Valeria, 68, told the Mirror: “The Italian police were following him around everywhere, but in Britain, nothing – I cannot understand why.
“I believe they failed to monitor him like they should have done.
“When he came to Italy to visit, the Italian police would be waiting at the steps of the plane.
“They would have a chat with him and even bring him back to the house to see what he was up too.
“Youssef never mentioned anything like that in England and it’s obviously up to them what they do, but I never heard anything about the English monitoring him.”
It also emerged yesterday that Zaghba was quizzed by British police as recently as January after he returned from a visit to see his mum.
Italian security sources confirmed officials at Stansted Airport, Essex, checked his name against a European criminal database when he landed.
The search would have revealed he was detained at Bologna Airport 10 months earlier – when he tried to head to Syria and told officials he “wanted to be a terrorist”.
Meanwhile, Giuseppe Amato, head prosecutor in Bologna, confirmed British intelligence was warned about Zaghba last year. Describing the arrest, he said: “He initially said he was a terrorist and then changed his mind and said he was a tourist. On his phone were the usual images used to evoke sympathies in this religious phenomenon, beheadings and so on.

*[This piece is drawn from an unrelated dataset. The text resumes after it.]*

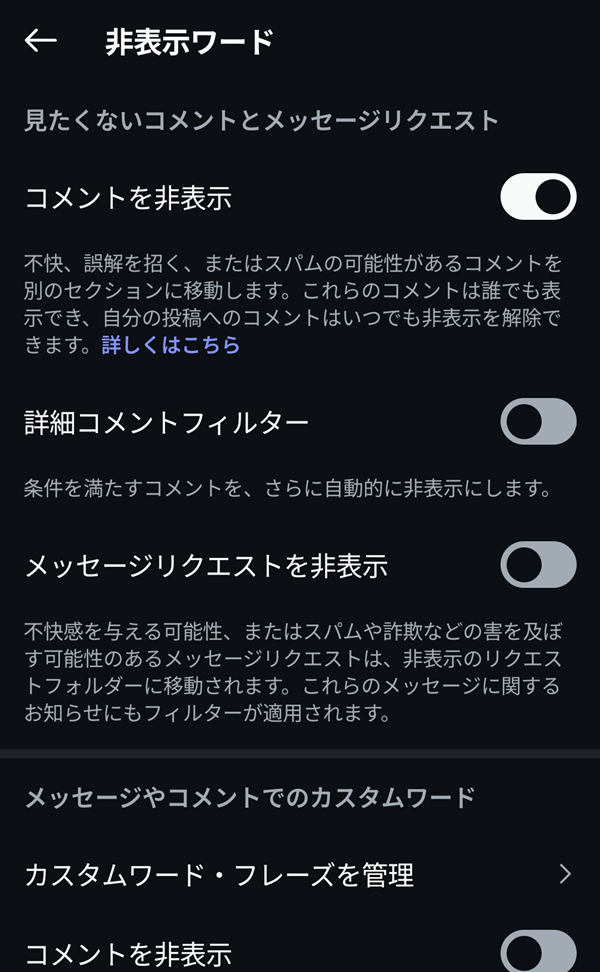 Android™の場合は、コメントの非表示などに関するさらに細かい設定が可能です。非表示にするワードもこの画面で設定できます。

“It was all open source material. There weren’t pictures showing him as the protagonist in any violence.
“There wasn’t evidence to charge him with any crime. But we decided he was a person who was worth monitoring and merited scrutiny.”
Zaghba’s mother blamed her son’s radicalisation on hate-filled Islamist videos posted on the internet.
She said he went from being a wellbehaved teen to moody young man obsessed with joining Islamic State.
Valeria continued: “I blame the internet for his radicalisation.
“He wanted to go to Syria because he thought it was a place where you could live a pure form of Islam and he wanted to go there to raise a family and to work.”
Yesterday family and friends in
He wanted to move to Syria because he thought you could live a pure form of Islam there VALERIA KHADIJA COLLINA ON KILLER SON’S RADICALISATION
Bologna painted a picture of a fractured family life in which Zaghba and sister Kawtur, 25, were controlled by their strict Muslim father Mohammed, 55.
The parents met when mum Valeria – a white Muslim convert – went on holiday to Morocco in 1991. Zaghba was born and raised there. But Valeria moved back to Italy in 2015 because she could not tolerate her husband’s increasingly strict interpretation of Islam.
Shortly after, Zaghba made his first visit to London. There he fell in with murderous accomplices Khuram Butt, 27, and Rachid Redouane, 30.
Reports in Italy claimed he befriended Butt while working at a KFC restaurant in East Ham, East London.
Last night the chain said it could find no record of him as an employee.
But it has emerged Zaghba did take a contractor job at the Islamic Eman Channel TV station in nearby Barking just six weeks ago. Eman spokesman Ohi Ahmed said: “Prior to starting six weeks ago, no concerns regarding criminality were raised.
“At no point was he involved in content production at the channel.
“As soon as his name was circulated by the media, as a suspect, in the terrible attacks witnessed in London, we immediately contacted the police.
“We are now fully cooperating with all inquiries. At no time, during his work at the channel, did he express extremist thoughts or display any sympathy towards extremist organisations abroad.”
A string of controversial clerics have appeared on the station, including Abdul Rahman Green, Mufti Menk and Haitham a-Haddad.
Haras Rafiq, of the counterextremism Quilliam Foundation thinktank said: “This is a hardline Salafi TV channel that hosts preachers who can be described as non-violent extremists.”
Meanwhile, Zaghba’s mother Valeria described her last phone conversation with her son on Thursday last week.
She said: “He seemed really happy and was telling me how he had moved into a new room in a new house.
“He was telling me how he was happy because it had a beautiful view of the garden and the trees.
“I now realise he was describing paradise to me and it was his way of making a last tender goodbye.”
But she said she was “disgusted” by her son’s actions and agreed with London Imams who refused to bury him. She added: “I would not want to bury him either because it sends the wrong signal to others who believe what he was doing was right.”